= WORK INSTRUCTIONS =
Would you transcribe the whole listing exactly and drop its images?

= DATA SECTION =
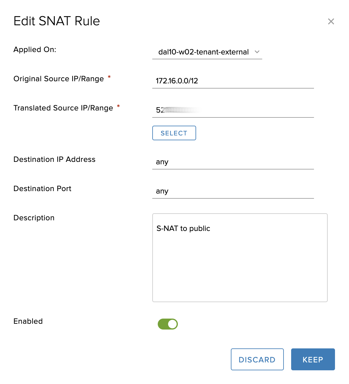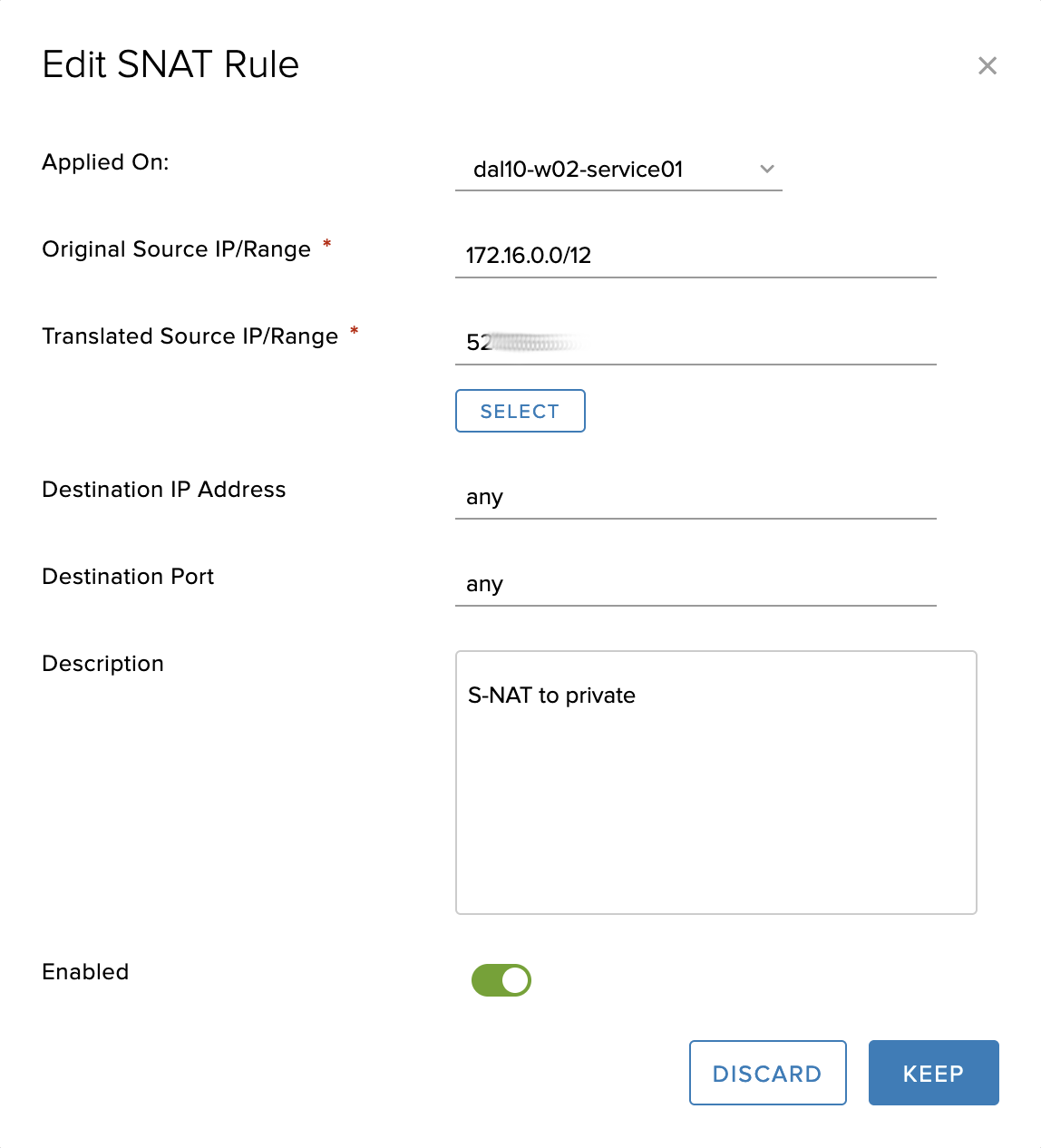 Next, configure your DAL10 and DAL12 edges (see IBM Cloud docs for details) to allow and to SNAT egress traffic from your VPC to the IBM Cloud service network (e.g., for DNS and RedHat Satellite) and to the public network. If you wish to DNAT traffic from the public internet to reach your virtual machines, keep in mind that the DAL10 edge is the active edge and you should not use DAL12 for ingress except in case of DAL10 failure.
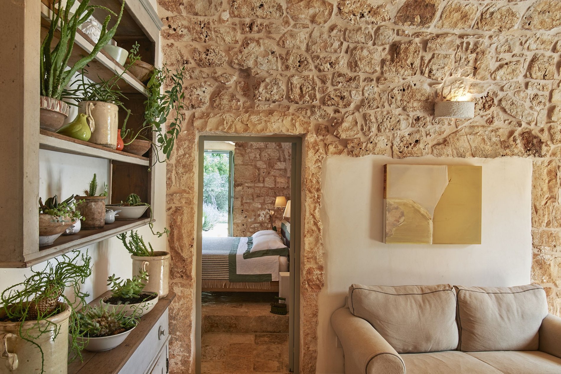 The collection consists of three separate buildings, conceived as three unique villas. The concept is to unite them together through the common areas: the large kitchen and the living room, the pool and its nearby areas, the bbq area with a wood-burning oven. They are all welcoming environments where family and friends have the opportunity to spend a wonderful holiday in complete privacy.In total there are 7 rooms as well as a sleeping area in the living room, 2 kitchens, 3 living rooms, one of which is very large and various outdoor spaces that revolve around the large pool. More than a holiday: an unforgettable experience in Puglia prioritizing privacy, conviviality, culture, exclusivity.
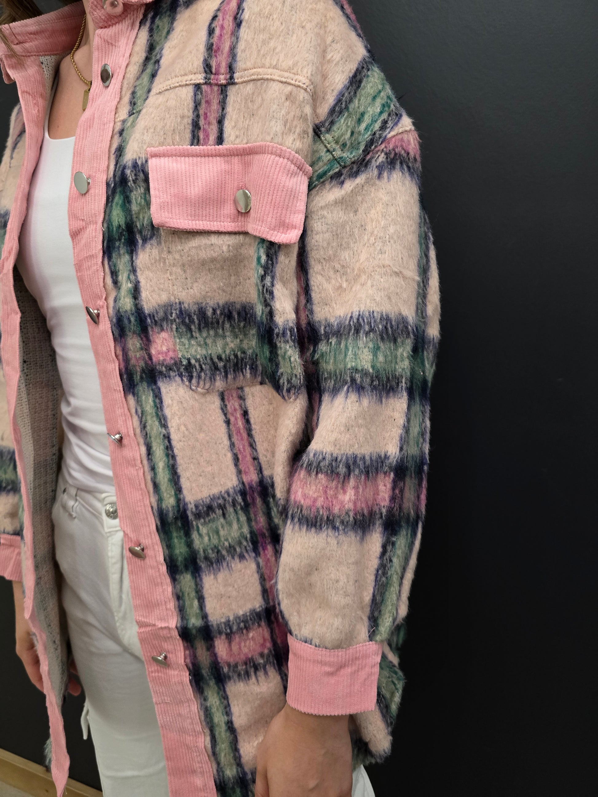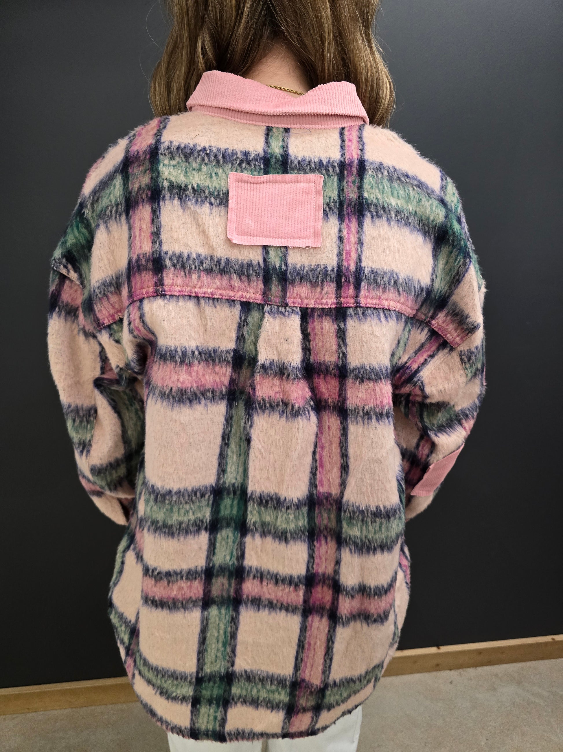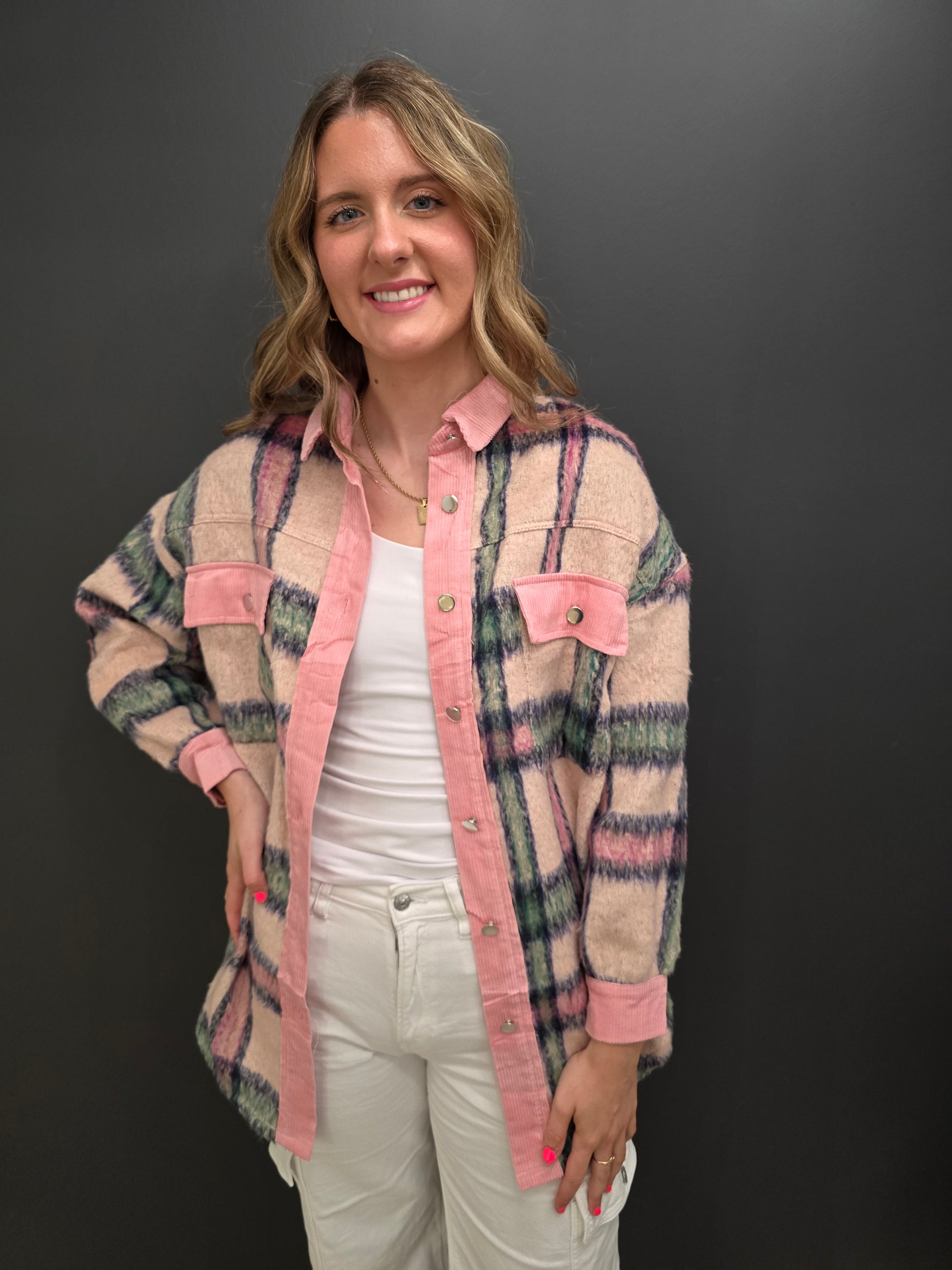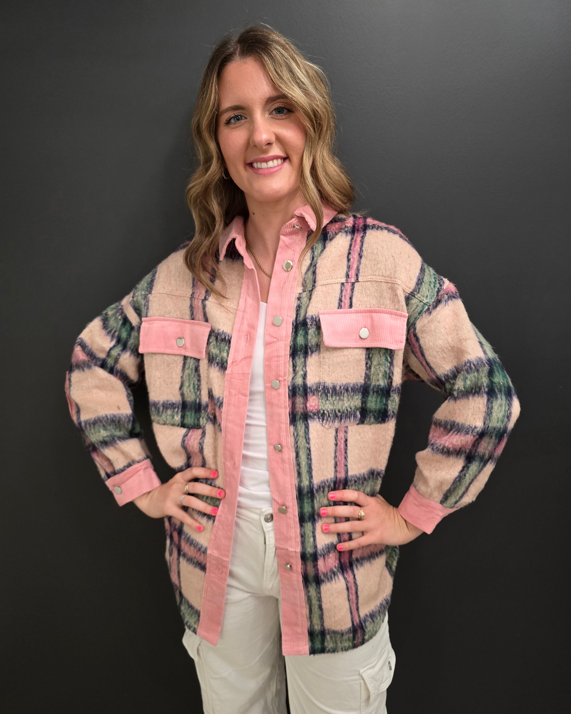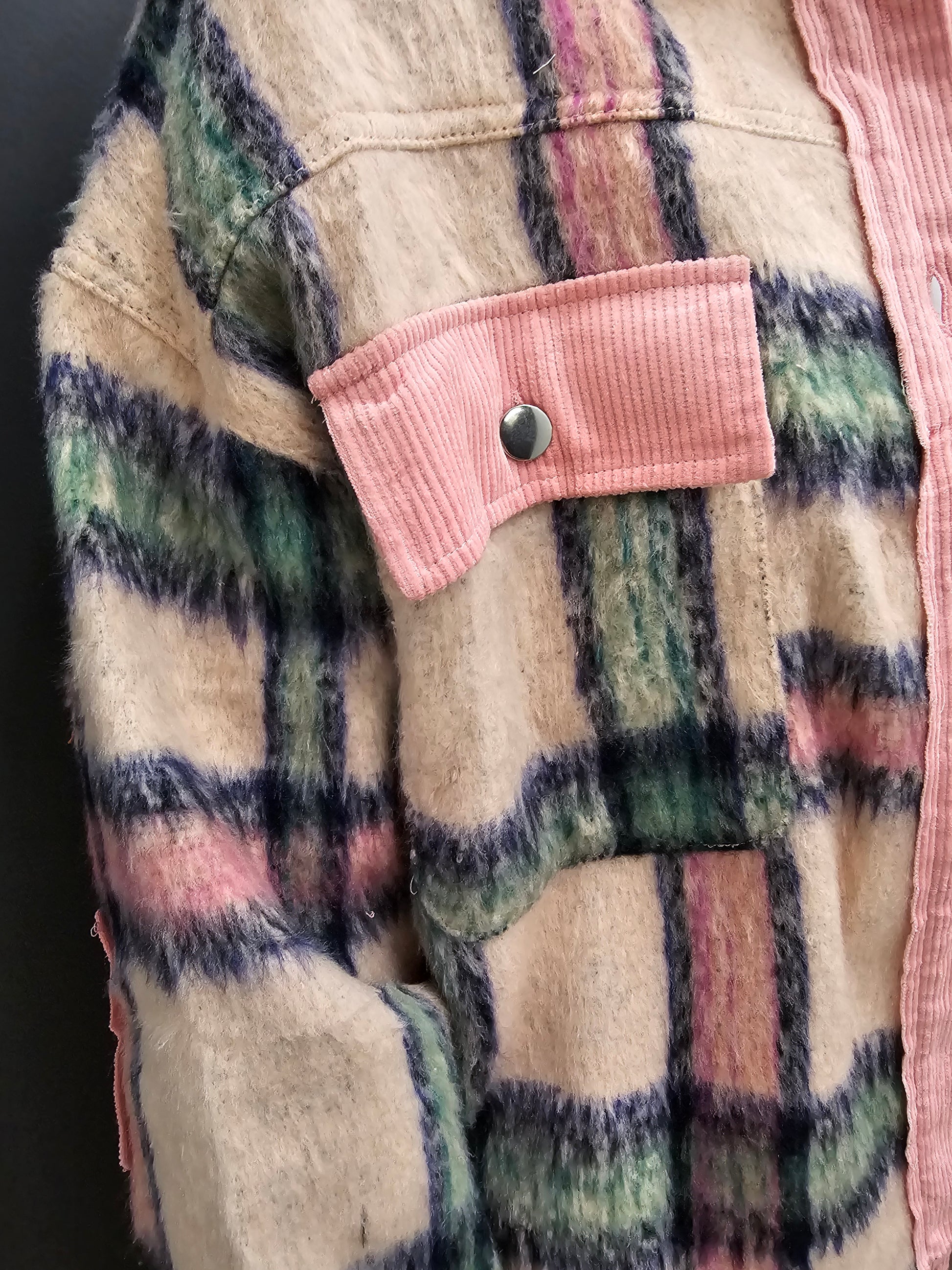 Expertly crafted for both style and comfort, our Pink Fuzzy Plaid Corduroy Patchwork Shacket is the perfect addition to your wardrobe. Made with a soft and fuzzy material, this shacket combines the timeless plaid pattern with trendy corduroy fabric for a unique and stylish statement piece. Stay warm and fashionable this season with our shacket.

= EXERCISE ANSWER =
 Next, configure your DAL10 and DAL12 edges (see IBM Cloud docs for details) to allow and to SNAT egress traffic from your VPC to the IBM Cloud service network (e.g., for DNS and RedHat Satellite) and to the public network. If you wish to DNAT traffic from the public internet to reach your virtual machines, keep in mind that the DAL10 edge is the active edge and you should not use DAL12 for ingress except in case of DAL10 failure.
 The collection consists of three separate buildings, conceived as three unique villas. The concept is to unite them together through the common areas: the large kitchen and the living room, the pool and its nearby areas, the bbq area with a wood-burning oven. They are all welcoming environments where family and friends have the opportunity to spend a wonderful holiday in complete privacy.In total there are 7 rooms as well as a sleeping area in the living room, 2 kitchens, 3 living rooms, one of which is very large and various outdoor spaces that revolve around the large pool. More than a holiday: an unforgettable experience in Puglia prioritizing privacy, conviviality, culture, exclusivity.
 Expertly crafted for both style and comfort, our Pink Fuzzy Plaid Corduroy Patchwork Shacket is the perfect addition to your wardrobe. Made with a soft and fuzzy material, this shacket combines the timeless plaid pattern with trendy corduroy fabric for a unique and stylish statement piece. Stay warm and fashionable this season with our shacket.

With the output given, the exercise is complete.